Why do we always think these mirror photos are necessary?

Not one, but two dance floors – and a stage!
While the downstairs dancefloor may be closer to an ice rink, that is half the fun, and it lights up! The upstairs dancefloor actually has enough room to breathe and you can always hop on the stage platform to give a lipsync performance of a Grease medley (definitely not speaking from personal experience…).

 

The seating area

Honestly, not enough clubs have seating areas and Flares have one both upstairs and one downstairs! Like it couldn’t get any better. You can plop yourself down after 2 hours of solid dancing, chat to a random stranger at another table and you’ll soon be refreshed enough to head back to the dance floor for a groove until 3 am.

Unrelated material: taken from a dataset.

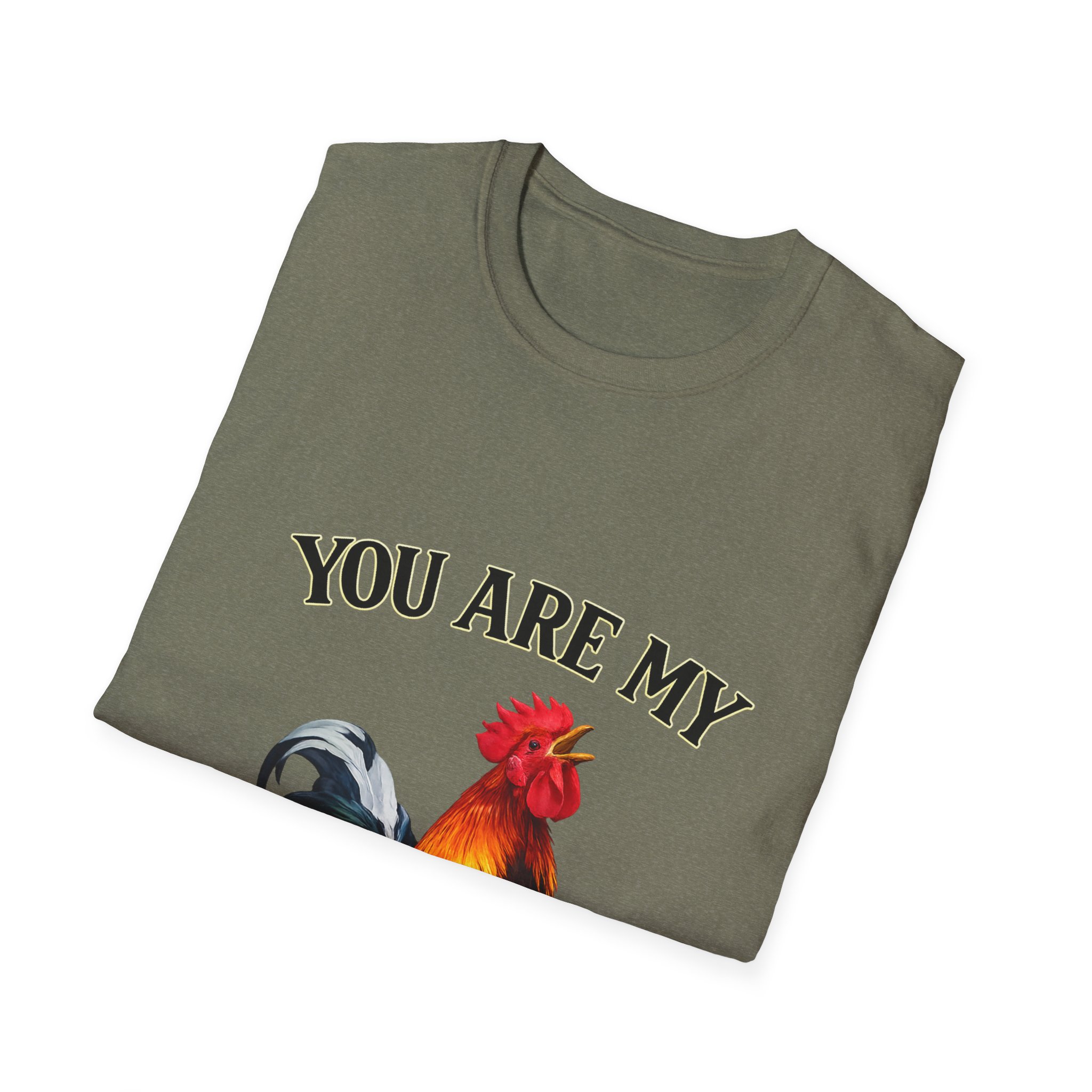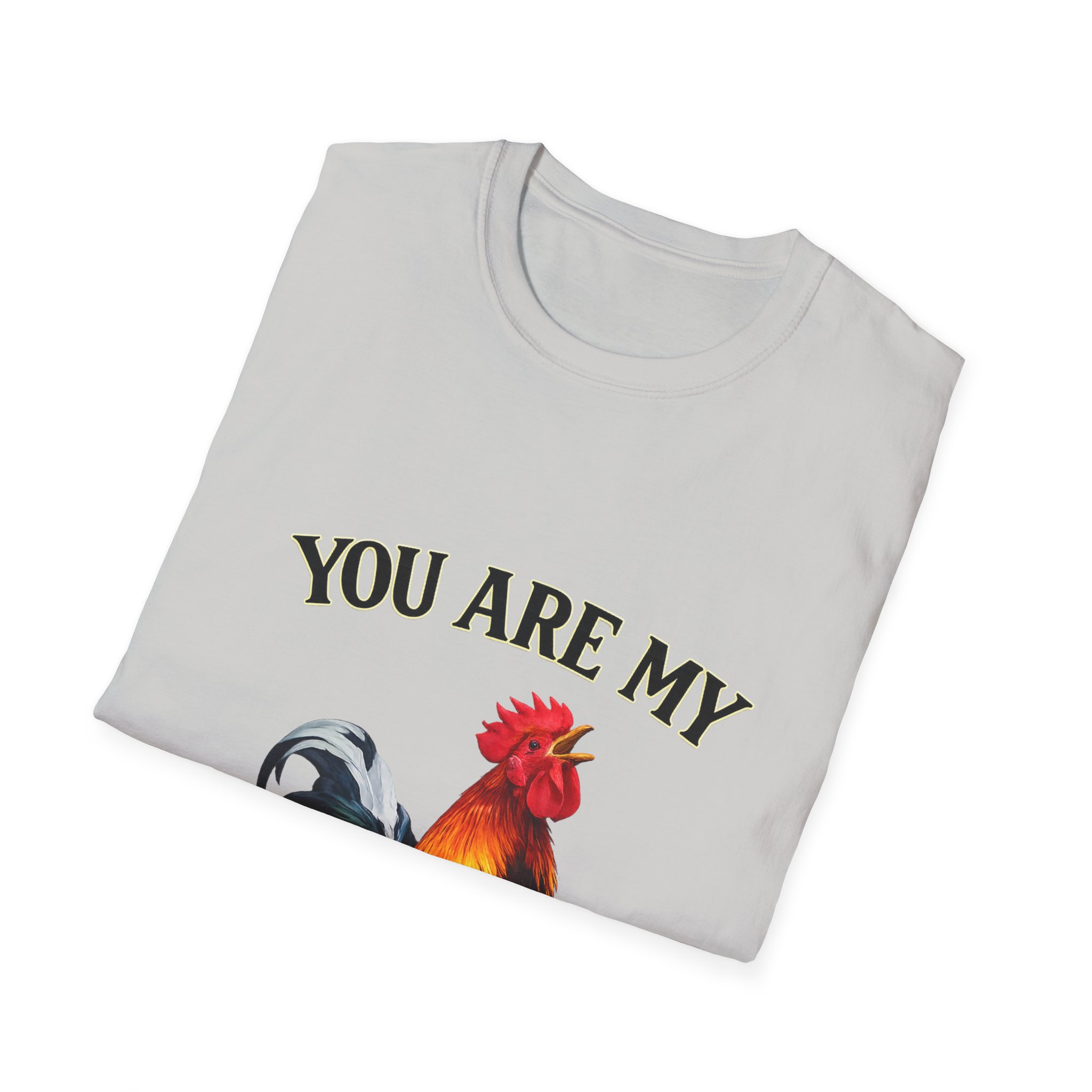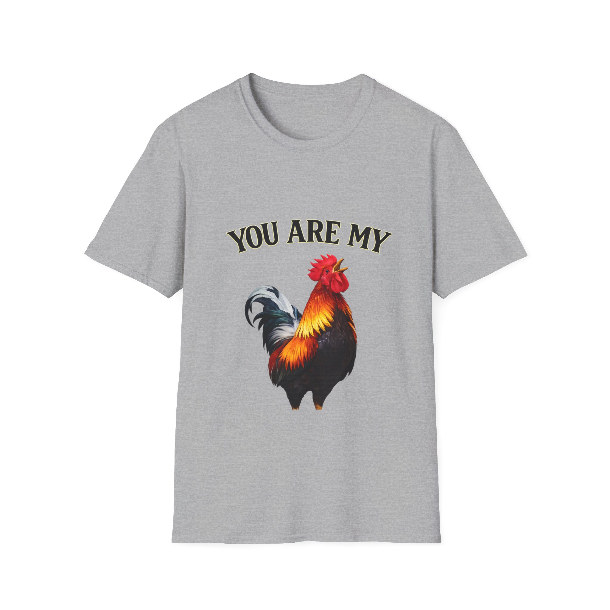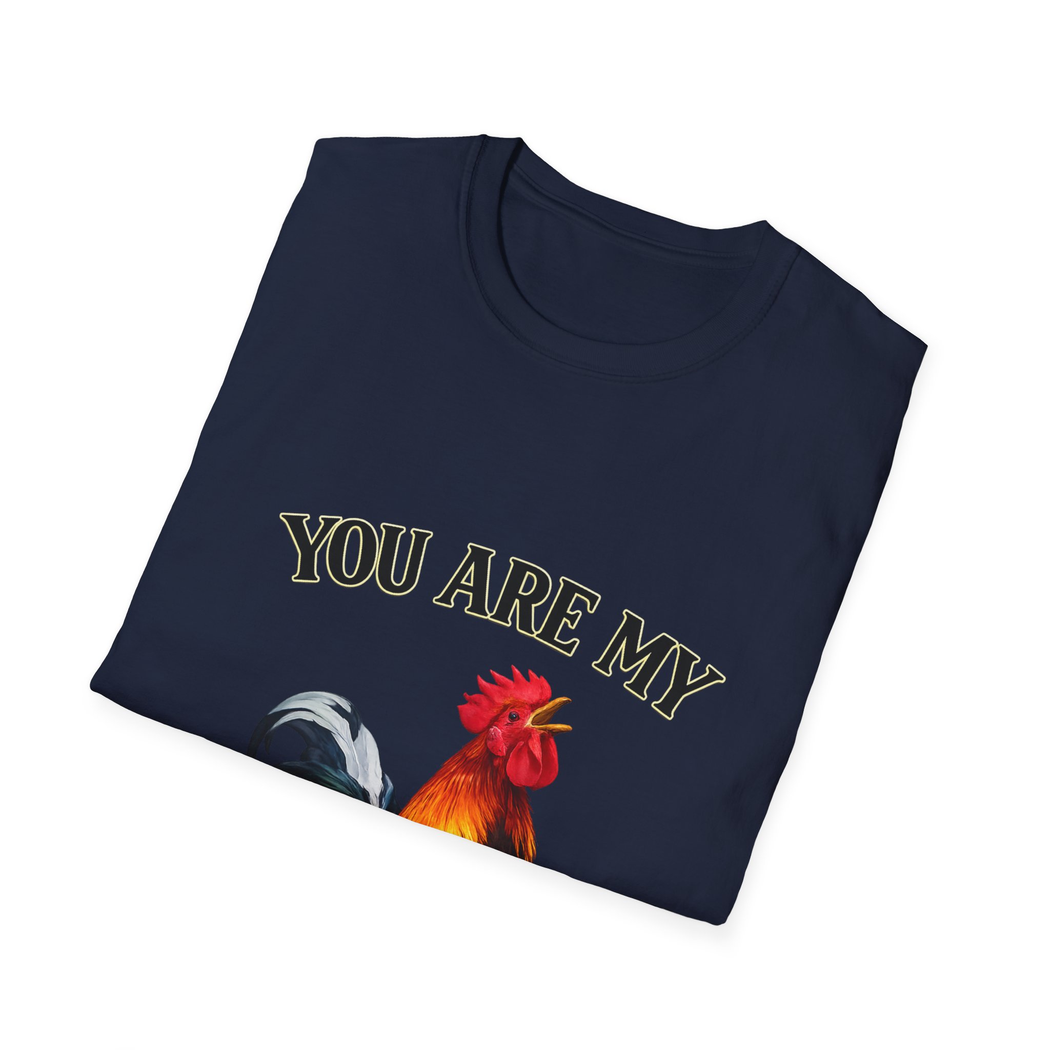 This lightweight crewneck tee wears like a quiet shout — soft, breathable cotton with a bold rooster illustration and the simple declaration: “YOU ARE MY”. It settles into mornings on the porch, market runs, and low-key weekends, pairing easily with worn jeans or layered under a jacket. The graphic has a hand-drawn, vintage farm feel that speaks to people who love country charm, farm life, or playful, slightly cheeky statements. The shirt’s clean silhouette and durable print make it a go-to for daily wear during spring and summer gatherings, casual barn dances, or cozy house visits with friends who appreciate rustic humor.

Sitting down in clubs is underrated but worth it

No toilet queues?!

I don’t think I’ve ever been to a club that didn’t have a line going out the door to the girl’s toilets but, for some reason, Flares never does. No complaints here. Even in the clubs with more stalls; they still have longer lines. The miracle of no toilet queues also means more time to pose with the squad in front of another massive mirror, hopefully with less blur.

 

You can dance to High School Musical like it’s 2006 again
Yes, the music in Flares is all cheesy pop but what more could you want on a night out? If you don’t like that typical ‘BOOM BOOM’ club music, Flares has got everything from High School Musical to ABBA to 90’s hits. There’s never been a time where I can remember hating the song that was on. Also, the DJ will announce ALL shoutouts that you tell him from birthdays to the losing of virginities and, according to legend, even has crisps that he’ll give out from the booth.

 

The nicest staff

In every club, people complain about the bouncers or staff but I rarely ever hear about it in Flares. The staff are always friendly and nice, and this Yorfess post really summarises how much they go above and beyond most other club staff for us party-goers.

The miracle energy of the Flares toilets continues

So while Flares might not be the biggest or busiest club in York, it has got the nicest staff, best tunes and the cheapest drinks. What more could you want on a night out?